* [Required action]
Should an entry contain an image, leave the image out and repeat the entry's text exactly.

[Stored entries]
§ §

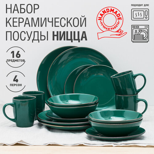 Столовый сервиз для кухни керамический на 4 персоны "Ницца", набор из 16 предметов с кружками для напитков
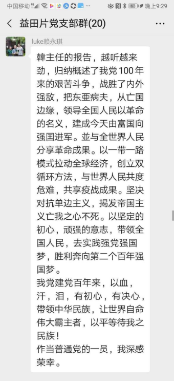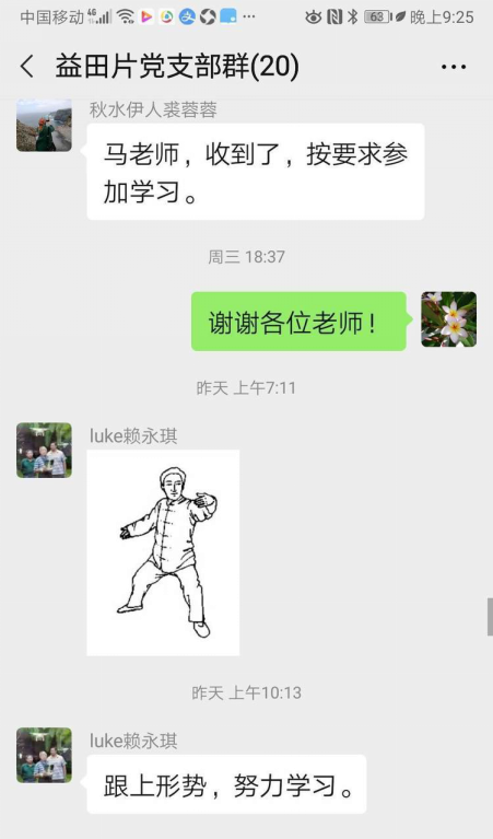 益田村党支部老党员、老教授居多,其中有多位90岁高龄的老党员同志,他们认真准备,学习活动当日,大家积极在支部微信群里发表自己的看法和学习心得。
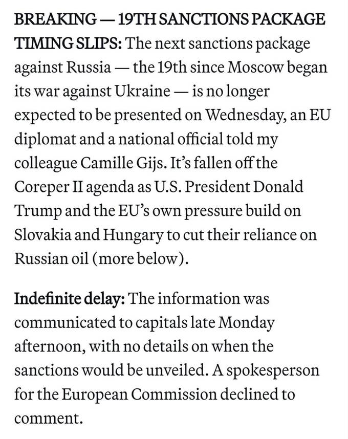 Згідно з даними видання, питання було виключено з порядку денного Комітету постійних представників країн ЄС у Брюсселі. Причиною цього стало те, що Трамп і сам Євросоюз зосередилися на тиску на Словаччину та Угорщину, аби змусити їх скоротити залежність від російської нафти.
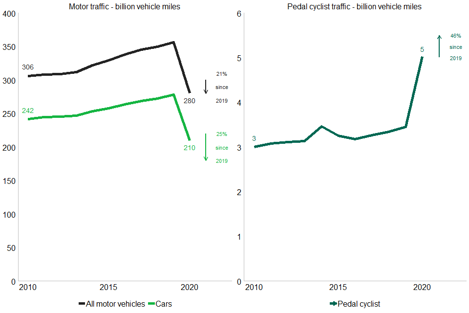 In 2020, there was a shift in travel behaviours due to the COVID-19 pandemic, which varied by transport mode. The National Travel Attitudes Study reported 79% of survey respondents used buses less when comparing travel before and during the pandemic. For the same period, 34% of pre-pandemic cyclists reported they were cycling more. Further details can be found in the National Travel Attitudes Study release.
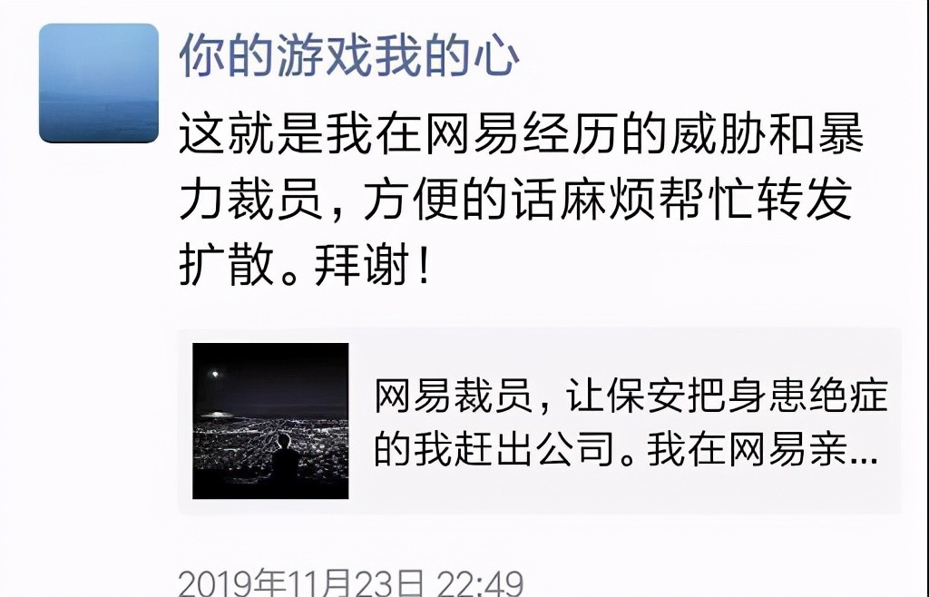 2019年11月的时候,一个在网易工作了5年的员工在社交媒体上发了一篇文章,《网易裁员,让保安把身患绝症的我赶出公司,我在网易亲身经历的噩梦》
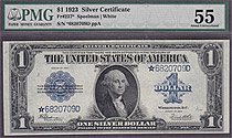 This is a 1923 $1 Silver certificate star that has been graded as a PMG-55. This is a nice problem free example for the type collector....
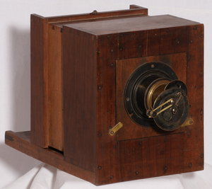 Cette chambre est composée de deux caisses en bois qui coulissent l'une dans l'autre afin de permettre de réaliser la mise en point. Elle est dite "à tiroir".

§ §

* [Reply]
 Столовый сервиз для кухни керамический на 4 персоны "Ницца", набор из 16 предметов с кружками для напитков
 益田村党支部老党员、老教授居多,其中有多位90岁高龄的老党员同志,他们认真准备,学习活动当日,大家积极在支部微信群里发表自己的看法和学习心得。
 Згідно з даними видання, питання було виключено з порядку денного Комітету постійних представників країн ЄС у Брюсселі. Причиною цього стало те, що Трамп і сам Євросоюз зосередилися на тиску на Словаччину та Угорщину, аби змусити їх скоротити залежність від російської нафти.
 In 2020, there was a shift in travel behaviours due to the COVID-19 pandemic, which varied by transport mode. The National Travel Attitudes Study reported 79% of survey respondents used buses less when comparing travel before and during the pandemic. For the same period, 34% of pre-pandemic cyclists reported they were cycling more. Further details can be found in the National Travel Attitudes Study release.
 2019年11月的时候,一个在网易工作了5年的员工在社交媒体上发了一篇文章,《网易裁员,让保安把身患绝症的我赶出公司,我在网易亲身经历的噩梦》
 This is a 1923 $1 Silver certificate star that has been graded as a PMG-55. This is a nice problem free example for the type collector....
 Cette chambre est composée de deux caisses en bois qui coulissent l'une dans l'autre afin de permettre de réaliser la mise en point. Elle est dite "à tiroir".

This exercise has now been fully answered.